5. The court said that the plaintiff’s psychologist statements about those with mild histrionic disorders being able to serve as police officers were credible. In fact, the plaintiff’s expert said that if the Police Department was really relying on that diagnosis being disqualifying, they would never be able to fill out their police force.
6. The report that the police department relied upon focused on the plaintiff’s psychological history rather than on the impressions of the plaintiff from their interview and the plaintiff’s performance on various psychological tests that she had administered, or even the more recent findings of the plaintiff’s psychologist. In fact, the report explicitly said that the primary area of concern is the plaintiff’s psychological history and not her current psychological profile. In fact, the report did not even devote one sentence to the impressions about the plaintiff’s current psychological profile and the report seemed to imply that the plaintiff’s history rendered her per se unqualified to serve as a police officer regardless of her current psychological profile. The endorsement of this particular report also ignored the plaintiff’s current psychological profile.
Takeaways: The first thing we can take away from this case is that determining essential functions of the job may involve getting to the root of a medical diagnosis and expert testimony can be critical in sorting that out. Second, if an employer is going to deny reinstatement to someone, that termination needs to be based upon the person’s current mental or physical condition and the employer needs to be wary of over relying on the plaintiff’s past mental or physical condition. The question is whether they can do the essential functions of the job with or without reasonable accommodations at the time they apply or seek reinstatement and not as they were in the past. Third, if an employer is going to argue direct threat, that assessment must be based on a reasonable medical judgment relying on the most current knowledge and/or the best available objective evidence ( see also Chevron v.

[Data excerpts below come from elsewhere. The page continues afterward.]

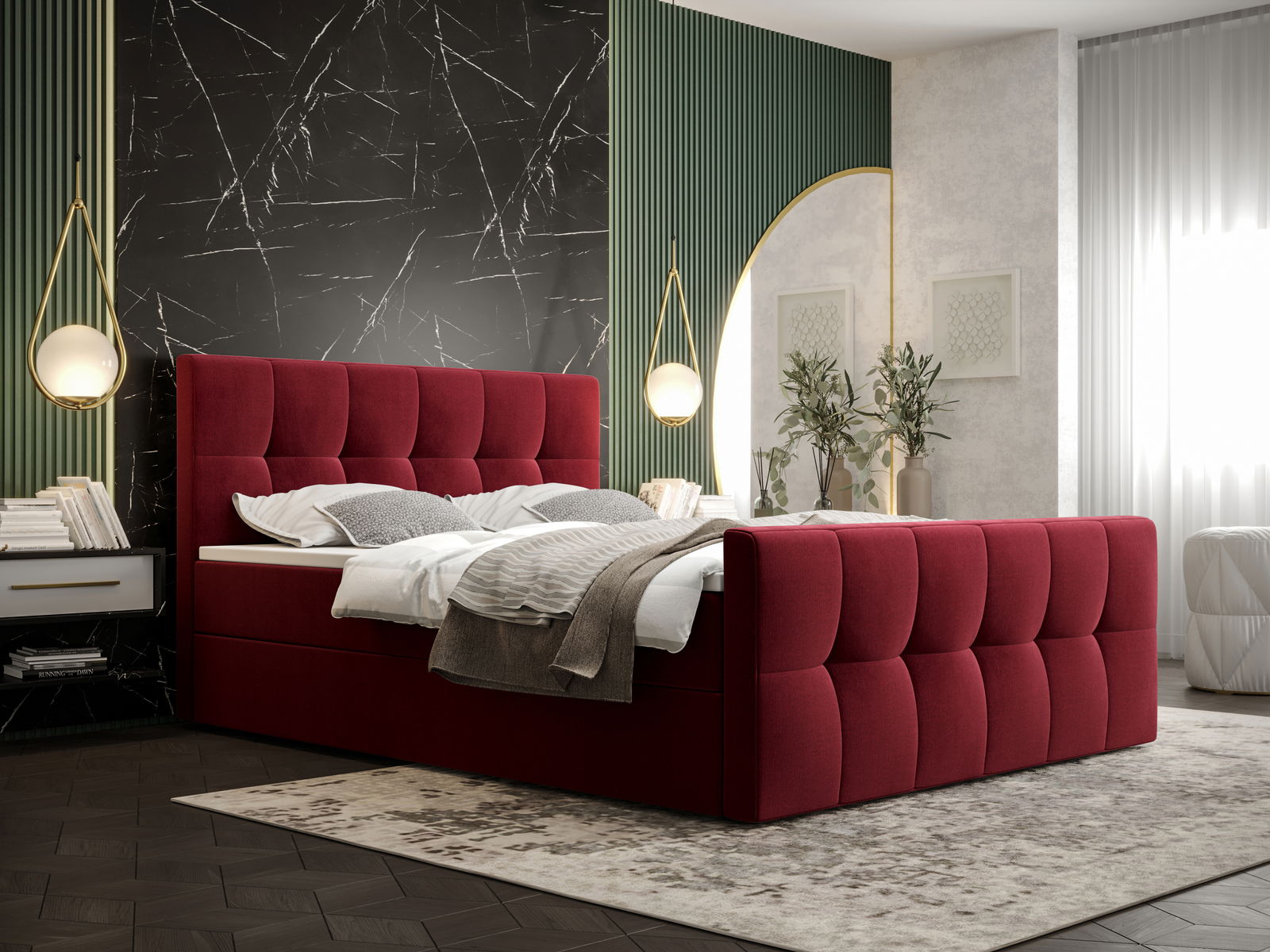 Manželská posteľ Boxspring 160 cm Macheta Comfort (bordová) (s matracom a úložným priestorom)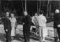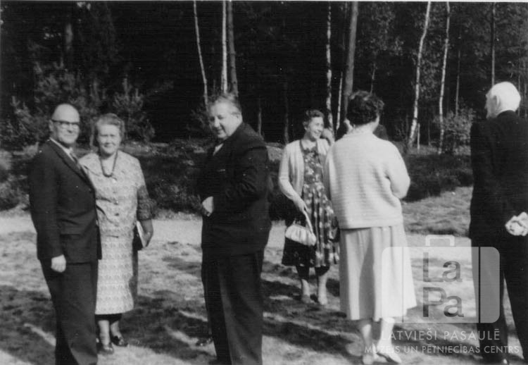 Cilvēku grupa mācītāju konferences laikā stāv meža malā, angļu zonā. Priekšplānā, no kreisās: R. Bērziņš (mācītājs), A. Pone (vikāre), E. Rozītis (mācītājs), ? Ķelle, Teodors Grīnbergs (arhibīskaps).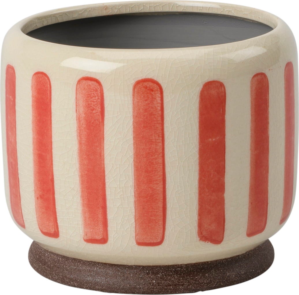 Geef je huis een frisse, moderne uitstraling met de stijlvolle bloempot "Collector" van aardewerk. De verfijnde crackle-glazuur in combinatie met de opvallende strepen maakt deze pot tot een echte blikvanger, die zowel kleur als textuur aan je ruimtes toevoegt.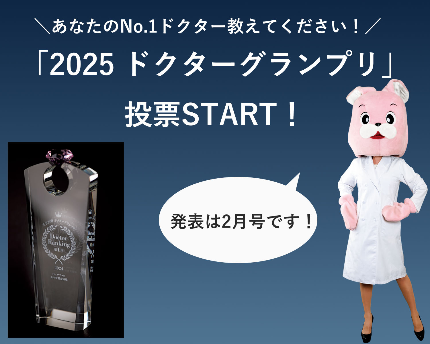 本年も、美ST2月号(12月17日発売予定)にて、「2025ドクター グランプリ」を発表します。ドクターたちは日々、読者の方々の厳しい声に耳を傾けながら診療にあたっています。2025年のあなたのナンバーワンドクターを選んでください。
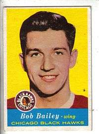 Robert Allan "Bashin' Bob" Bailey (May 29, 1931 – October 24, 2003) was an ice hockey right winger. He spent time with the Toronto Maple Leafs, Detroit Red Wings, and Chicago Blackhawks of the National Hockey League. He was known for being involved with trades for over twenty players and was even traded for Bill Dineen on three separate occasions. He was inducted into the Dayton Hockey Hall of Fame on March 17, 1970 for his time with the Dayton Gems.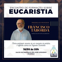 O padre professor Francisco Taborda, um dos maiores estudiosos na temática Eucaristia no Brasil, estará em Maringá na próxima sexta-feira, 18 de maio, para uma palestra no salão da paróquia São José Operário. Início às 20h, com entrada franca. Padre Francisco Taborda é Doutor em Teologia p...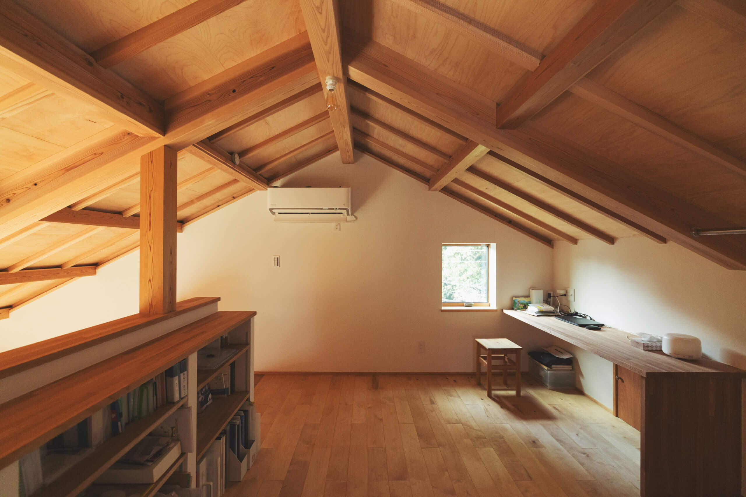 おこもり空間に感じられる場所でありながら、LDKと繋がっているため、どこかで誰かの存在を感じることができるところも魅力です。平屋と二階建てのいいとこどりと言われています。
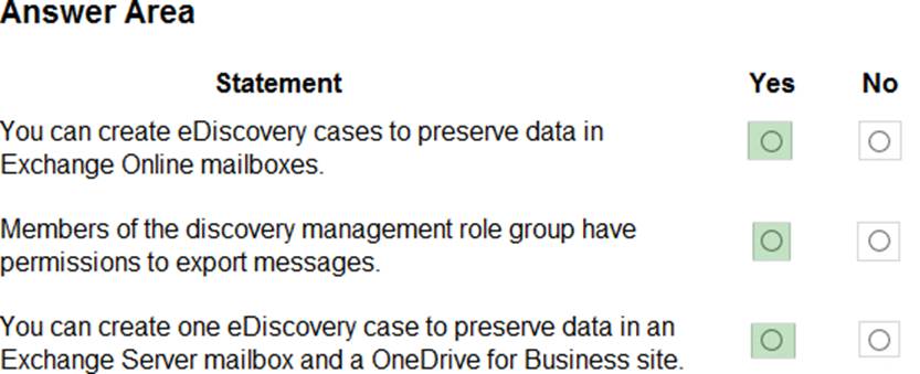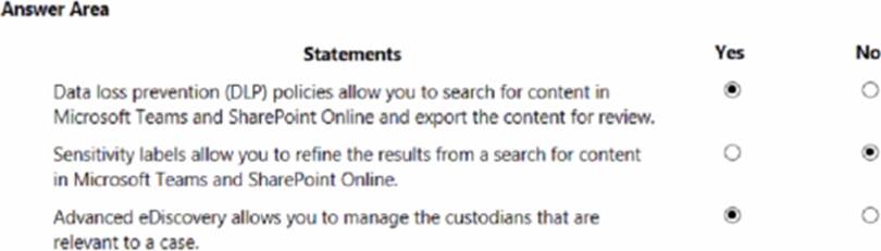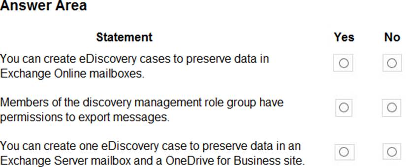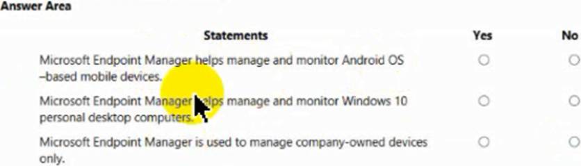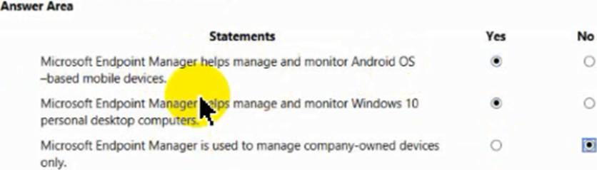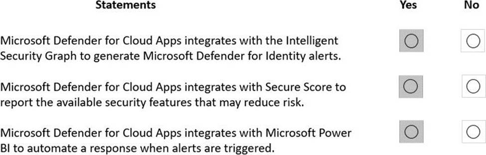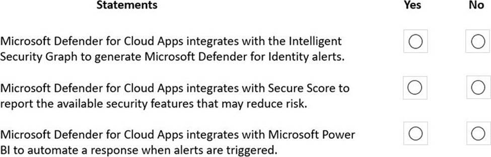 For each of the following statements, select Yes if the statement is true. Otherwise, select No. NOTE: Each correct selection is worth one point.

Echazabal 536 U.S. 73 (2002)). Fourth, if the plaintiff is arguing a regarded as claim, the defendant needs to be aware that authority exists for saying that a regarded as claim can proceed even in the absence of discriminatory animus and where there is nothing more than an innocent misperception of an individual’s impairment. Finally, whether a person can perform the essential functions of the job is a relevant question when a plaintiff pursues a regarded as claim.